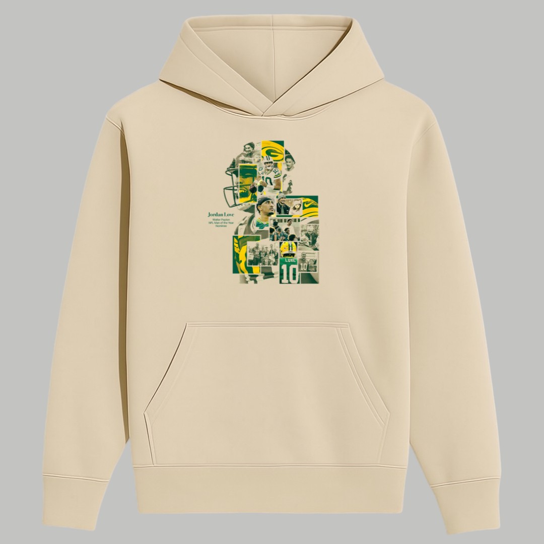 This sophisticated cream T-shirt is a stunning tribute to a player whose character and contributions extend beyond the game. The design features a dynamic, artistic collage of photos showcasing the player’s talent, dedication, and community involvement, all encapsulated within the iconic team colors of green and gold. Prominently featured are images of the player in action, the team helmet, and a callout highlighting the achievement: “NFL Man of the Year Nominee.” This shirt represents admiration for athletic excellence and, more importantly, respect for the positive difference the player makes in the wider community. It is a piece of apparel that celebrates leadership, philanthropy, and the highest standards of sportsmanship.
::::::
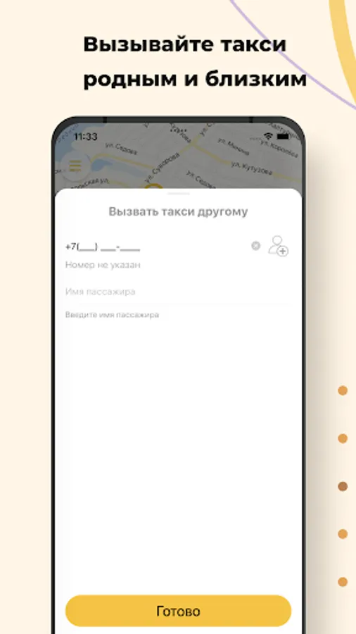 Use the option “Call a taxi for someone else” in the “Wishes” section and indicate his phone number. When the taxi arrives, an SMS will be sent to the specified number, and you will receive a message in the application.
::::::
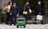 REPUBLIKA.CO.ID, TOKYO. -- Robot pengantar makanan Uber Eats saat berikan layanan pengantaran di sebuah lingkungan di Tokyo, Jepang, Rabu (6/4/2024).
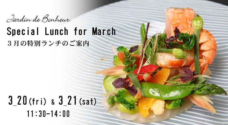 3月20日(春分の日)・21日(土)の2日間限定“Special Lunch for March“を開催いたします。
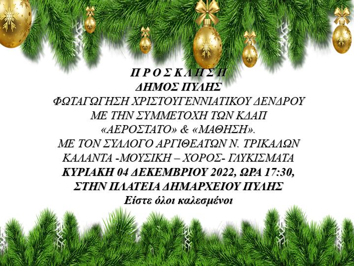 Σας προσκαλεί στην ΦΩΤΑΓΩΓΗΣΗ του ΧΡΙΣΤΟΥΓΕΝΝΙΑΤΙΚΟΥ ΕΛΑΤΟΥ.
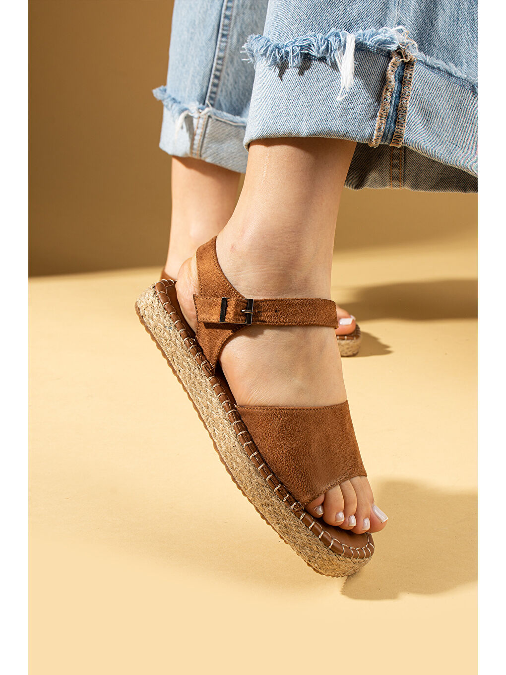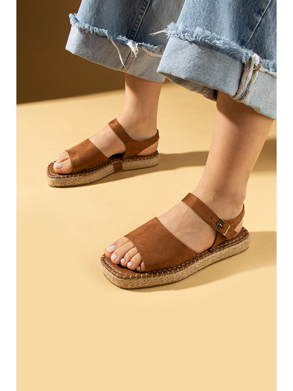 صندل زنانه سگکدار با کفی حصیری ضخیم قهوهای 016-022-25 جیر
::::::
--- Exercise instructions ---
Only one stretch of the entries above is needed: the lines from the one containing "REPUBLIKA.CO.ID, TOKYO. -- Robot" through the one containing "صندل زنانه سگکدار". Copy it exactly, without the pictures.

--- Task output ---
 REPUBLIKA.CO.ID, TOKYO. -- Robot pengantar makanan Uber Eats saat berikan layanan pengantaran di sebuah lingkungan di Tokyo, Jepang, Rabu (6/4/2024).
 3月20日(春分の日)・21日(土)の2日間限定“Special Lunch for March“を開催いたします。
 Σας προσκαλεί στην ΦΩΤΑΓΩΓΗΣΗ του ΧΡΙΣΤΟΥΓΕΝΝΙΑΤΙΚΟΥ ΕΛΑΤΟΥ.
 صندل زنانه سگکدار با کفی حصیری ضخیم قهوهای 016-022-25 جیر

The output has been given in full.